La Samaritana somos todos. Tú y yo. Tener el encuentro personal con Jesús, en el que quedamos al desnudo ante Él, es absolutamente necesario para poder disfrutar de su amor redentor. La añoranza de la salvación se resuelve solo en la vista cara a cara con ese que viene a salvarme. Ello implica dejar atrás posturas previas o prejuicios, y colocarse ante Él como somos en lo más profundo de nuestra intimidad. Lo dice San Agustín: "Dios es más íntimo a mí que yo mismo". Delante de Él no podemos tener intenciones segundas, pues es inútil querer esconder algo propio ante quien descubre toda mi intimidad con una simple mirada. A la Samaritana le descubrió toda su vida. Así mismo descubre la mía. Seamos o no inocentes quedamos al descubierto ante Él. En todo caso, lo que verdaderamente importa es el resultado final de ese encuentro. Lo que debemos añorar es volver a la inocencia original, estar delante de Dios lo más puros posible. Y eso solo lo lograremos si dejamos que Él nos mire en profundidad y con su amor redentor cancele todo lo que de oscuro y tenebroso hay en nuestro interior. La Samaritana alcanzó su limpieza porque en la sorpresa que vivió ante quien tenía frente a sí, se dejó maravillada restablecerse y alzarse, alcanzando así de nuevo la plenitud de su dignidad. Su alegría fue inesperada. Ella solo se dirigía a buscar agua en el pozo, y esa labor cotidiana resultó para ella en el logro no solo del agua física que quería, sino del agua que era la fuente de la vida plena y que brotaba de Aquel con el que se encontró en el pozo. "El que bebe de esta agua vuelve a tener sed; pero el que beba del agua que yo le daré nunca más tendrá sed: el agua que yo le daré se convertirá dentro de él en un surtidor de agua que salta hasta la vida eterna". 

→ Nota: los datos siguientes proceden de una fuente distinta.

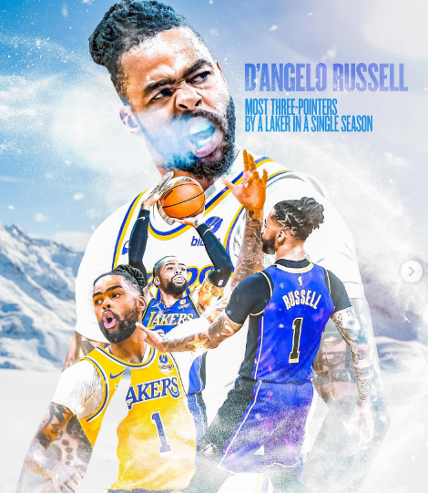 詹姆斯转发湖人官方的视频从而祝贺拉塞尔——在1995年4月23日,克-范-埃克塞尔创造湖人队史单赛季三分命中纪录(183记三分);2024年3月23日,詹姆斯助攻拉塞尔命中本赛季第184记三分球,超越克-范-埃克塞尔成为湖人队史单赛季三分王。

Lo que nos mueve en este encuentro es la esperanza de la salvación. El Señor se ha hecho hombre para nosotros y por nosotros. Acercarnos a Él representa nuestra salvación. Dejarnos ver por Él y recorrer nuestros resquicios espirituales para que pueda hacer su obra de amor, asumida voluntariamente: "Cuando nosotros estábamos aún sin fuerza, en el tiempo señalado, Cristo murió por los impíos; ciertamente, apenas habrá quien muera por un justo; por una persona buena tal vez se atrevería alguien a morir; pues bien: Dios nos demostró su amor en que, siendo nosotros todavía pecadores, Cristo murió por nosotros". Como la Samaritana, nos ponemos delante de Él, asumiendo que descubre todo nuestro interior y lo purifica con su amor redentor. Es el amor más puro y poderoso, y está a nuestro favor. Por ello, nos motiva la esperanza de sabernos amados a tal punto que entrega su vida por nosotros y nos da gratuitamente esa salvación que añoramos. Nos abre las puertas de la eternidad. "Y la esperanza no defrauda, porque el amor de Dios ha sido derramado en nuestros corazones por el Espíritu Santo que se nos ha dado". Jesús es la fuente de esa agua que mana incesantemente a nuestro favor, y que derrama sobre nosotros el Espíritu Santo. Con ello nos asegura la presencia de su amor y de su iluminación, siendo siempre esa fuente de salvación para todos.